Orciprenaline, also known as orciprenaline (metaproterenol), is a short-acting beta₂-adrenergic agonist used primarily as a bronchodilator in the management of asthma and chronic obstructive pulmonary disease (COPD). It was developed in the mid-20th century as part of early bronchodilator therapy to relieve reversible airway obstruction.
Orciprenaline works by selectively stimulating beta₂ receptors in bronchial smooth muscle, leading to relaxation of airway muscles and improved airflow. It has a relatively rapid onset of action and was historically used for acute relief of bronchospasm, though it has largely been replaced by newer beta₂ agonists with better safety and selectivity profiles.
BRAND NAMES
Alupent – one of the most widely known brand names used as a bronchodilator
Metaprel – another common brand name for orciprenaline in some regions.
MECHANISM OF ACTION
Orciprenaline is a selective beta₂-adrenergic agonist that acts on beta₂ receptors in bronchial smooth muscle. Activation of these receptors stimulates adenylate cyclase, increasing cyclic AMP (cAMP) levels, which leads to relaxation of bronchial smooth muscle and bronchodilation. This reduces airway resistance, improves airflow, and relieves bronchospasm in conditions such as asthma and COPD.
Absorption:
Orciprenaline is well absorbed when administered via inhalation or oral routes, though inhalation is preferred for rapid bronchodilation and reduced systemic effects. It has moderate bioavailability due to first-pass metabolism when taken orally. Onset of action is relatively quick, especially with inhaled forms.
Distribution:
The drug is distributed widely in body tissues after systemic absorption. It has low to moderate plasma protein binding, allowing free drug to act on beta₂ receptors in bronchial smooth muscle.
Metabolism:
Orciprenaline is partially metabolized in the liver by catecholamine-metabolizing enzymes, including conjugation pathways such as sulfation. A portion of the drug remains unchanged, especially after inhalation.
Elimination:
It is primarily excreted in urine as inactive metabolites, with a small fraction eliminated unchanged. The duration of action is short, contributing to its classification as a short-acting beta₂ agonist.

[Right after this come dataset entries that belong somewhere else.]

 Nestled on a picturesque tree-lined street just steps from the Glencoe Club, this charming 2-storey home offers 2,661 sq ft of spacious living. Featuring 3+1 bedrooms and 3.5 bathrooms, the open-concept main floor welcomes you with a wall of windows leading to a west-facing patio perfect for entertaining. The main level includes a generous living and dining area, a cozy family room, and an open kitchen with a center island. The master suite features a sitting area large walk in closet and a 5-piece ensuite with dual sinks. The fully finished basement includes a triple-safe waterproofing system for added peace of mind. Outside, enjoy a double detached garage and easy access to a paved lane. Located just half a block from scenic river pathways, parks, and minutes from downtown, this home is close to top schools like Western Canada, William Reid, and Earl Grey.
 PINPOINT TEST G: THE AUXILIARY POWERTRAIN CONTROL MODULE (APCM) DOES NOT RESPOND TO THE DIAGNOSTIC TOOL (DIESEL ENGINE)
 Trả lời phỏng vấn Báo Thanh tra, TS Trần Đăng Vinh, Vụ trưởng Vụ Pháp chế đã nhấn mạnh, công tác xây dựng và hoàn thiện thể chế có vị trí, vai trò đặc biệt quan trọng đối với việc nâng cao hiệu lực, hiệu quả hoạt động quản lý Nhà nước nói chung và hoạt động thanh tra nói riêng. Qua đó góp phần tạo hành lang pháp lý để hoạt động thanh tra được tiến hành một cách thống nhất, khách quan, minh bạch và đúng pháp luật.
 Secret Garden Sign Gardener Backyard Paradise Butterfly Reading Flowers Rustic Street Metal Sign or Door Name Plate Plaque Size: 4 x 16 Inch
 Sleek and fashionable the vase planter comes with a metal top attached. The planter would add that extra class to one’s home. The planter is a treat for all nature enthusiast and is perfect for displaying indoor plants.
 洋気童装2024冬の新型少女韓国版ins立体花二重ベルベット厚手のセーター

Orciprenaline is a selective beta₂-adrenergic receptor agonist. It stimulates beta₂ receptors in bronchial smooth muscle, activating adenylate cyclase and increasing cyclic AMP levels. This leads to relaxation of airway smooth muscle, resulting in bronchodilation, improved airflow, and relief from bronchospasm in conditions such as asthma and COPD.
Orciprenaline is administered via inhalation (preferred), oral tablets, or injectable forms in some settings. It is used for rapid relief of bronchospasm but is less commonly used today due to newer, more selective bronchodilators.
Orciprenaline is available in inhaler and tablet formulations, with dosing varying by indication and severity. Inhaled doses are typically repeated several times daily as needed, while oral dosing is divided throughout the day for bronchodilation support.
Orciprenaline may interact with non-selective beta-blockers, which can reduce its bronchodilatory effect. Concomitant use with other sympathomimetic drugs may increase the risk of cardiovascular side effects such as tachycardia and arrhythmias.
No significant food interactions are known. Oral absorption may be slightly affected by gastrointestinal conditions but is generally not clinically significant.
Orciprenaline is contraindicated in patients with hypersensitivity to the drug. Caution is required in patients with significant cardiac arrhythmias, tachycardia, or severe cardiovascular disease.
Tremor
Palpitations
Headache
Nervousness
Tachycardia
OVER DOSAGE
Overdose of orciprenaline, a beta₂-adrenergic bronchodilator, results from excessive stimulation of the sympathetic nervous system. Symptoms may include marked tachycardia, palpitations, tremors, anxiety, headache, flushing, and dizziness. In more severe cases, it can cause hypotension or hypertension, hypokalemia (low potassium levels), and cardiac arrhythmias, which may become life-threatening if untreated.
Overdose of orciprenaline may lead to excessive beta-adrenergic stimulation, causing severe tachycardia, hypertension or hypotension, tremors, hypokalemia, and cardiac arrhythmias. Management is supportive, with monitoring of cardiovascular status and correction of electrolyte disturbances.